Interesting, I’m having issues with the InfluxDB add-on going to 180% CPU - I wonder if it is HA rather than the add-on or InfluxDB.

How do you change the InfluxDB logging level?

Could you tell me how you set it us as a separate container? That is my next move. Can you migrate the database?

I eventually figured out that mine was quitting because the Docker container was running out of memory.

I tried to activate the TSI (Time Series Index) which writes the indexes out to disk instead of keeping it in memory – https://www.influxdata.com/blog/how-to-overcome-memory-usage-challenges-with-the-time-series-index/

Unfortunately this didn’t have an effect. Next I decided to limit the sensor values I was writing to InfluxDB to only essentials, in an effort to keep memory usage low. Unfortunately I couldn’t save my existing dataset, so I eventually deleted the data and started afresh.

Will see how long it lasts this time.

I followed this guide to set up Grafana and InfluxDB: Complete guide on setting up Grafana/InfluxDB with Home assistant using official Docker images

1 Like

How were you able to see that? I thought the point was the containers expanded as required.

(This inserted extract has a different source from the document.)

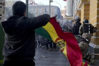 Supporters of President Luis Arce flooded into the plaza outside and waved Bolivian flags soon afterward.

Apparently not. I saw it with the docker ps command – showed Status = “Exited (137) x minutes ago”. Also with docker inspect, and I Googled docker exit code 137.

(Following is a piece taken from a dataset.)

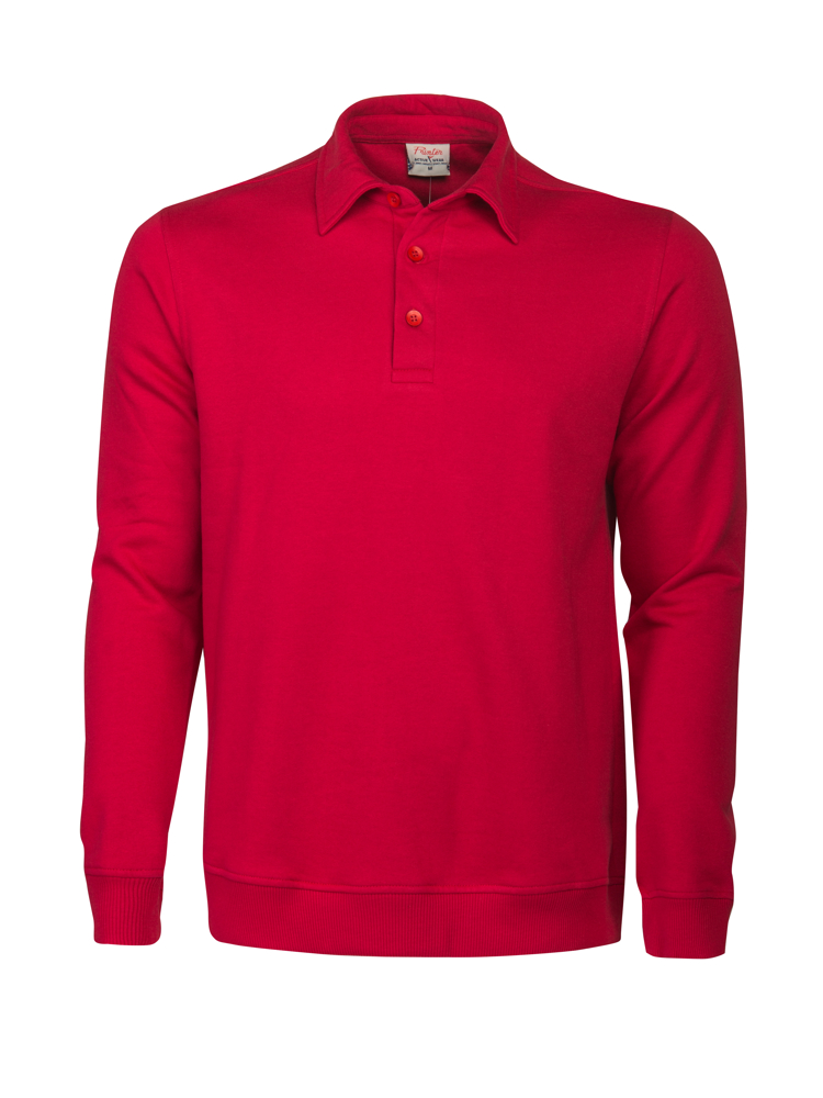 Sweatshirt met polokraag. 2 x 2 rib met elastaan aan de boord onderaan en aan de manchetten. Oeko-Tex 100 gecertificeerd.

https://bobcares.com/blog/error-137-docker/#:~:text=Error%20137%20in%20Docker%20denotes,container%20for%20running%20the%20process.&text=When%20the%20MySQL%20process%20running,it%20exited%20with%20code%20137.

My InfluxDb CPU use went crazy again yesterday. I had a couple of databases with high retention periods, reduced those and it all settled back down again.

Followed the link above and had a look at the disk size of the container. Shame I didn’t look before changing the retention period!

I’m hitting into this as well Really frustrating. Pi 4B 4GB. I’ve noticed the spikes to ~180% CPU whiles it’s running as well. My Pi has plenty of available RAM and Diskspace (of which Influx is only using 1.1GB), so it seems really weird for it to by an OOM kill…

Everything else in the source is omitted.